Menace
Jeanann Verlee
His hands were made of gears. His face, a hurricane. The jarring angles of his forearms, the way his knuckles creased around a Zippo lighter. The whistling from his crooked nose, the thud of his boot against the dogs haunches. The gaunt recess of his back, how the knifes handle reached skyward from the butt of his jeans. They say I shouldve known it was coming.
*
There were eleven visits after his incarceration, despite the restraining order. He would pilfer the yard, the garage, the cars, for tools of entry. Once, he scaled the bricks, climbed in through a kitchen window; once, he waited at the front door, never removing his long, wiry index finger from the bell. Once, rocks at my bedroom window. It was finding him on the porch at 3 a.m., wielding a hammer that stays with me. I never stopped seeing his reflection in shop windows. I still sometimes find his shadow lurking in my hallway mirror. His crumpled face, the low timbre of his voice.
*
I double-check every lock.
*
When he pressed the blade to my throat, detailed the exact sound of cutting through bone, when he said he was doing it because he loved me, I dared him to try.

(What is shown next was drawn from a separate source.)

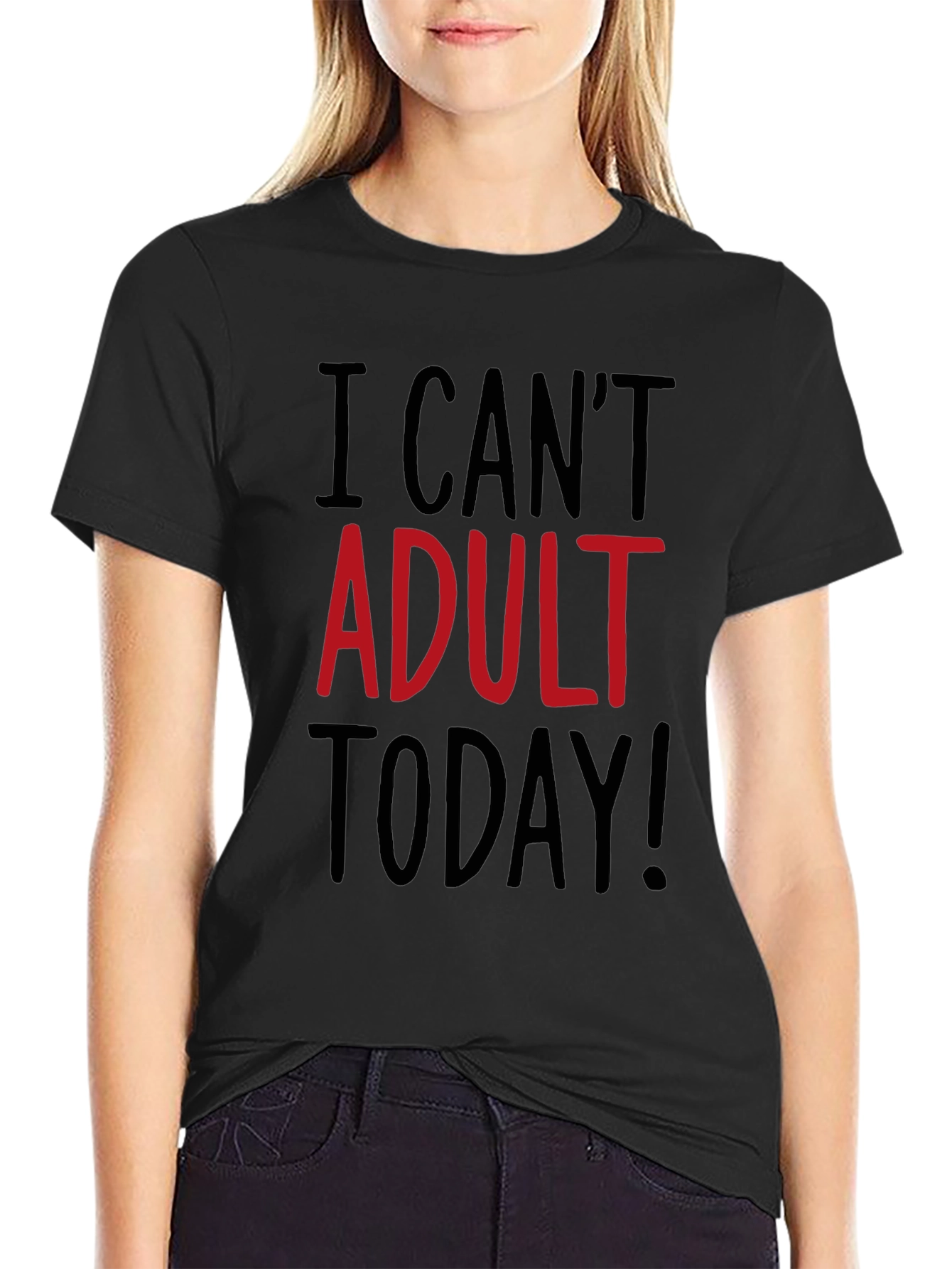Express your playful side with this "I Can't Adult Today" graphic t-shirt. Made from a comfortable-looking black fabric, this tee features bold lettering with the word "ADULT" highlighted in red, making a humorous statement. The shirt's design is casual and versatile, perfect for everyday wear. Pair it with jeans or shorts for a relaxed look. Whether you're lounging at home or hanging out with friends, this shirt is sure to bring a smile and spark conversation. It's a fun addition to any wardrobe, blending comfort with a touch of wit. Ideal for those days when you just want to take it easy!

Do it, coward. I grabbed his arm, pressed harder, Do it. Then I waited. And waited. Watched his face curl. His body, lurch. I whispered, You dont have it in you. Then laughed with my whole terrified body. When he released the knife, stooped to the floor, sobbing, I considered the weapon. Considered his hunched back, the large roundness of it. Considered the blades weight, size, sharpness. If it would sever a rib, empty a lung.
*
To write him into a monster means admitting I was a cutter, a depressive, a drunk. To write his truth, I must acknowledge my own: I was a cutter, suicidal. A drunk. To write the honest story, I have to tell you why he came for me. Why he returned again and again.
*
I was an orchard of forgiveness. A sweetblossom of yes and yes and yes. My mouth, a chime; my hands, an orchestra of preen, stroke, cherish. I unfurled my fists. Softened each softness. Made a haven of my sheets. I sang lullabies. Invented new words for mercy.